Saturday, March 19, 2022

Principle 1: It's OK to not Understand

 

Many people have been asking how I am doing lately. I can’t imagine why, except that perhaps it has something to do with having broken my back in an aircraft accident while returning from a service trip recently. My physical healing is progressing well. There have been a number of answers to prayer in that area and that make me very grateful for the thousands who are interceding on my behalf. That is truly a ministry of Christ - asking the Father to heal and retore the physically broken.

However, there is another side to suffering that I wanted to give you all an update on and that is the spiritual / emotional side. It would be easy to be devastated in my situation as I am anticipating my first child in a couple months, I am trying to finish my house to be ready for her and, generally speaking, I thrive on extensive outdoor activity and physical work. Now, I won’t even be able to pick up my child out of a crib until she’s several months old. But instead of devastation, I feel your prayers holding me up and constantly reminding me of some important biblical principles for suffering. Principles I have the privilege of revisiting and teaching year after year with my students, but principles which mean nothing until they are applied in the context of real-world suffering.
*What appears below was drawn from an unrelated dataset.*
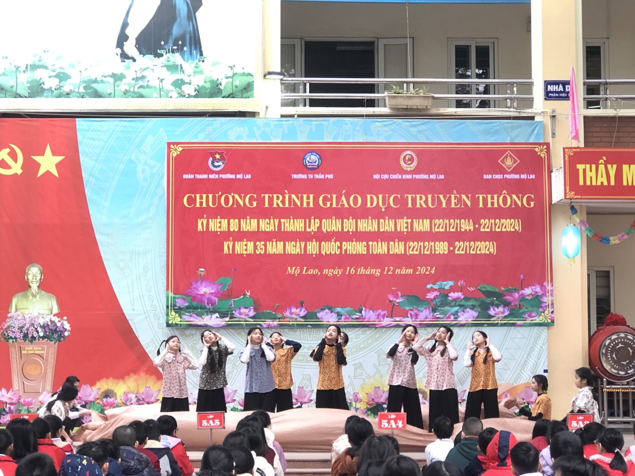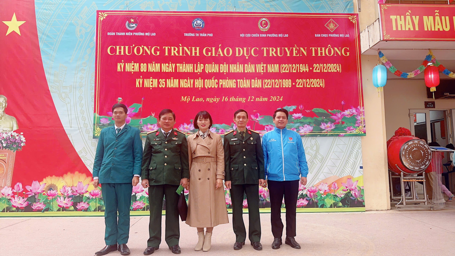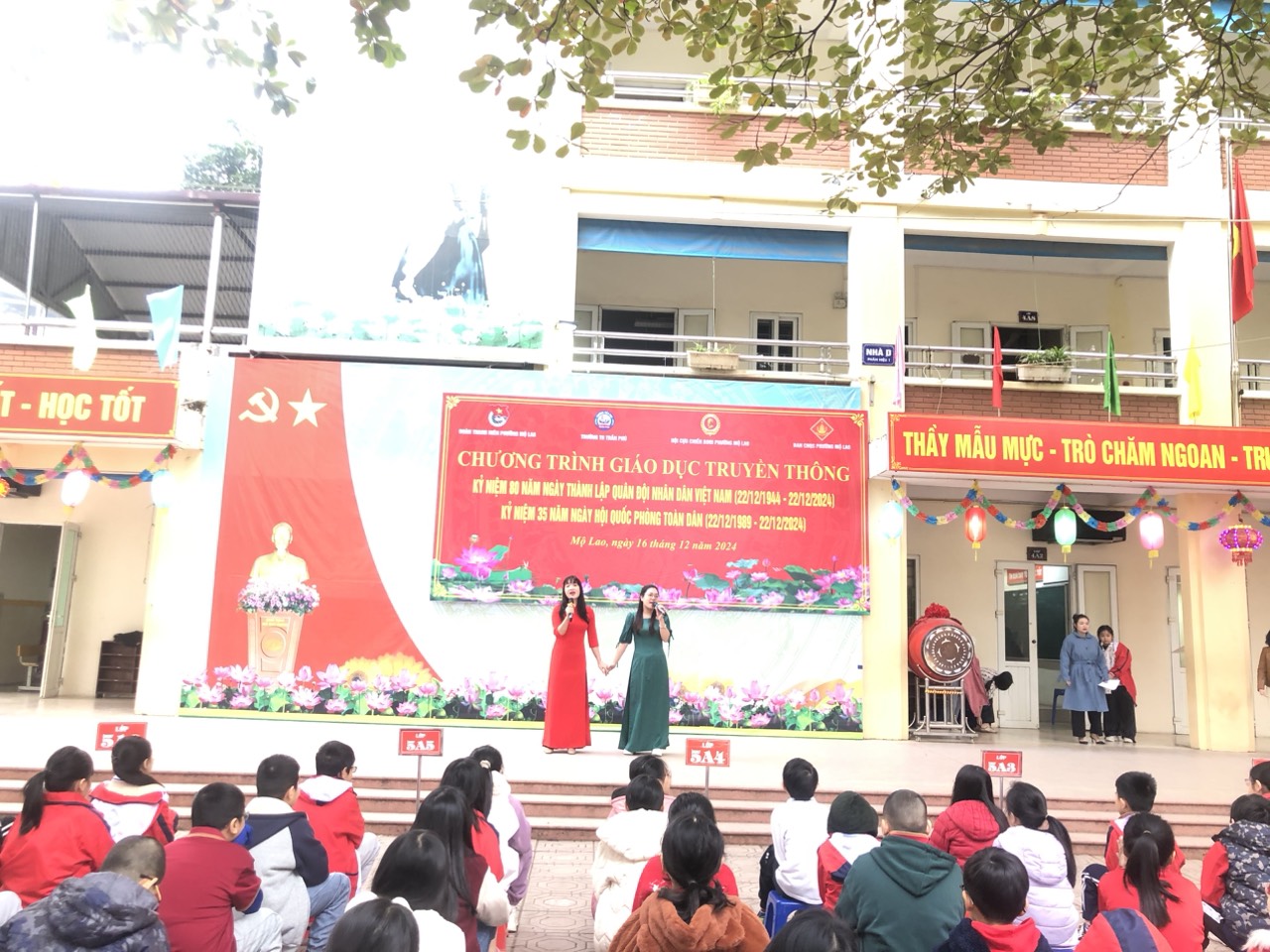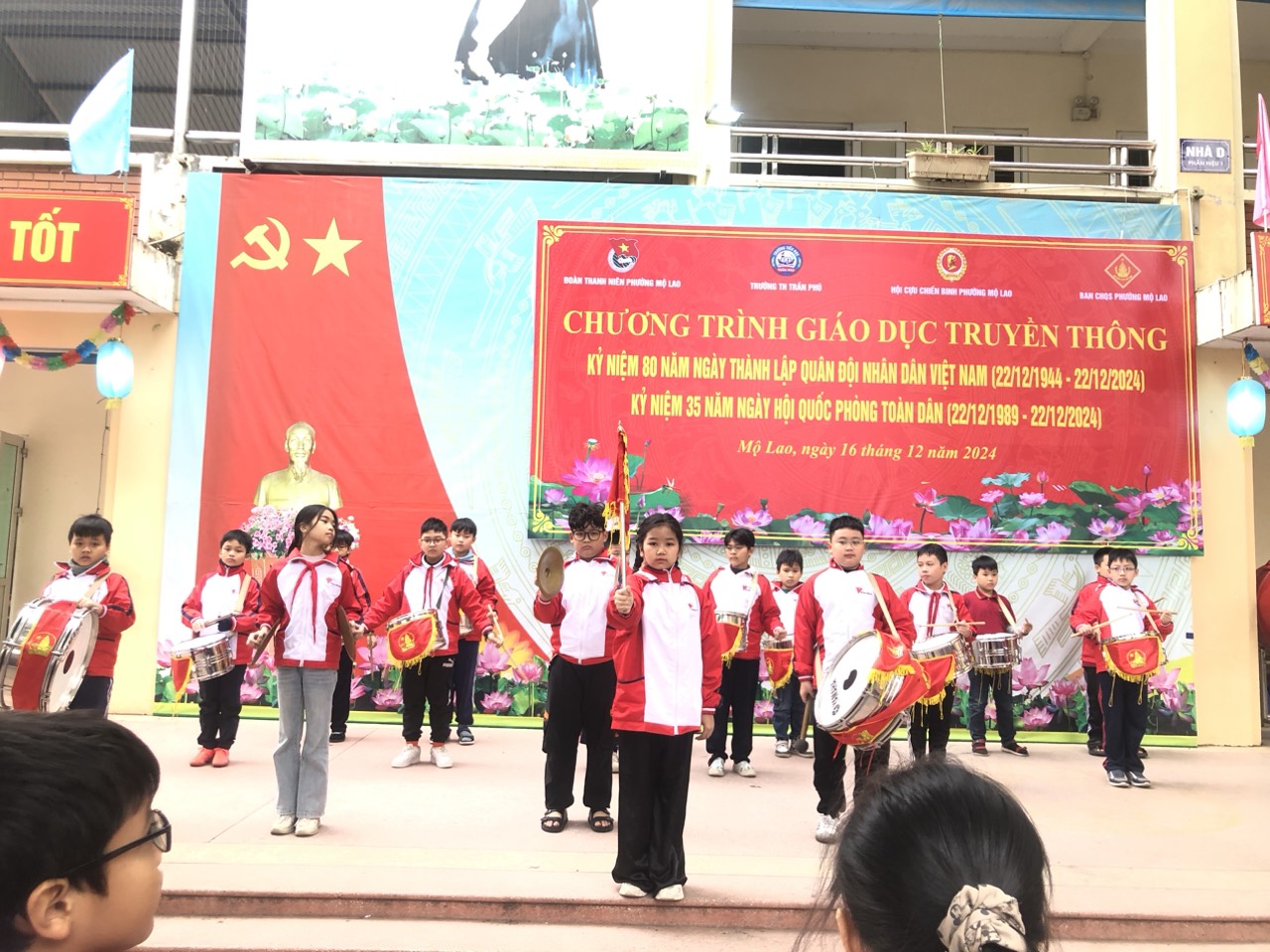 Tiếp theo là phát biểu của cô Hiệu trưởng, và đặc biệt bài phát biểu của Thượng tá Trần Hữu Nội - đại diện cho hội cựu chiến binh phường Mộ Lao lên ôn lại truyền thống về tinh thần chiến đấu bất khuất của Quân đội ta trong thời chiến cũng như thời bình để các em học sinh cùng học hỏi.

Principle 1: It’s OK to not understand:

We go over this in Job every year. He is devastated physically and emotionally by the loss of everything he has and his response in 1:21 is

“Naked I came from my mother’s womb,

And naked I will depart.

The LORD gave and the LORD has taken away;

May the name of the Lord be praised.”

It sure seems like he weathered that well, but then you realize it doesn’t stop there. The enemy doubles down and through Job’s “friends” brings 35 chapters worth of continued torment in trying to convince him that it’s his fault. This pushes Job to a pretty dark place where in 18:6 he even says, “…then I know that God has wronged me and drawn his net around me.” But finally, God, not being content to leave his friend languishing in despair, meets him and gives him a virtual tour of the universe. One which, oddly enough, doesn’t explain any of his suffering but rather showcases the incredible sovereignty and wisdom of God. At the end of it, Job’s response is,

“Surely I spoke of a thing I did not understand,

Things too wonderful for me to know…

My ears had heard of you but now my eyes have seen you.

Therefore I despise myself and repent in dust and ashes.”

(42:3,5)

Job is humbled by the knowledge that God knows more than he could ever possibly hope to about what’s going on in the background of his suffering (which suddenly seems quite small in the grand scheme).

I think what he finds and what I find through this experience, is that because God is both good and wise, I can trust him unreservedly without having to understand the meaning of it all. He is truly worthy of the kind of trust that says, “shall we accept good from God and not trouble?”